Storie Web mercoledì, Giugno 10

DAL NOSTRO CORRISPONDENTE

BRUXELLES – Continua il clamoroso braccio di ferro tra l’Unione europea e le grandi imprese digitali. Ieri la Commissione europea ha ordinato al gruppo americano Meta di permettere agli assistenti di intelligenza artificiale di accedere liberamente al suo sistema di messaggistica WhatsApp. La decisione, che deve essere applicata entro cinque giorni lavorativi, è stata presa prima ancora che Bruxelles metta fine alla sua indagine antitrust ai danni della società californiana.

In un punto stampa ieri a Bruxelles, la vicepresidente della Commissione europea Teresa Ribera ha spiegato: «In mercati in rapida evoluzione, la concorrenza può essere compromessa molto prima che venga adottata una decisione definitiva». Per questo motivo, l’esecutivo comunitario ha deciso di giocare d’anticipo. La misura annunciata ieri rimarrà in vigore «per tutta la durata dell’indagine, al fine di prevenire un danno che sarebbe quasi impossibile da riparare».

La vicenda è iniziata nel dicembre del 2025 quando la Commissione europea ha deciso di aprire una indagine antitrust contro Meta, proprietaria tra le altre cose di Facebook, oltre che di WhatsApp. Nel febbraio scorso, Bruxelles pubblicò un parere motivato. Un ulteriore parere motivato fu inviato alla società americana in aprile. La scelta di imporre misure restrittive prima ancora di chiudere l’indagine rivela il timore di danni irreparabili alla concorrenza. In un comunicato Bruxelles parla di «necessità urgente».
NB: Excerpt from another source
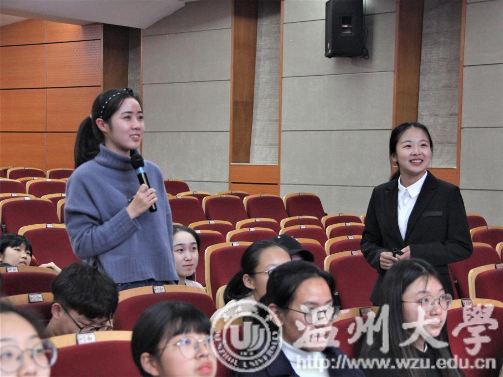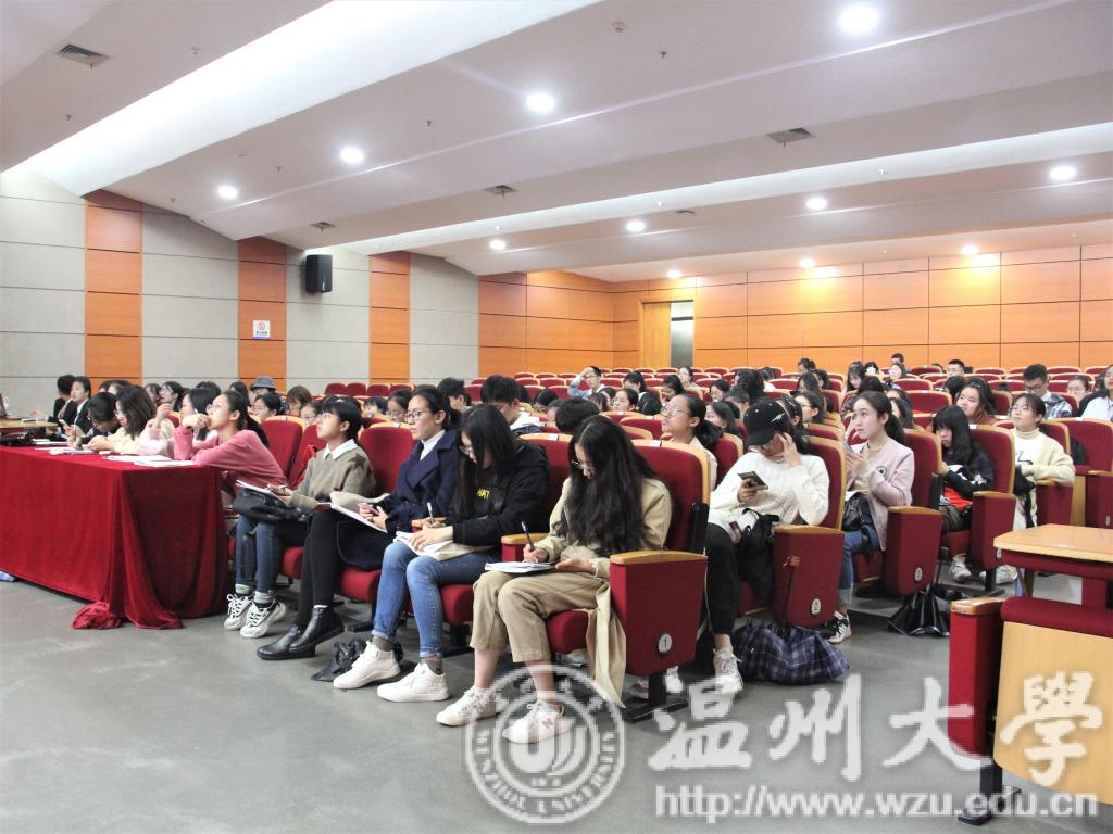 为提升团学成员的礼仪修养,提高其综合素质,2018年11月16日晚,温州大学教师澳门六合彩预测 团员骨干培训之雅系列《走进礼仪与口才的世界》讲座于南校雁山厅举行。本次讲座,由校公关部成员为同学们介绍与大学生礼仪、演讲、口才相关的知识和技巧。

Secondo l’esecutivo comunitario, Meta approfitta della sua posizione dominante sin dal gennaio del 2023. In questo contesto Bruxelles ha chiesto ieri alla società di permettere l’offerta di intelligenza artificiale su WhatsApp for Business API da parte dei rivali «secondo le condizioni precedenti il 15 ottobre del 2025». Non è il primo caso controverso che riguarda la società americana. Nell’aprile dello scorso anno, Meta è stata multata per 200 milioni di euro per presunta violazione del Digital Markets Act.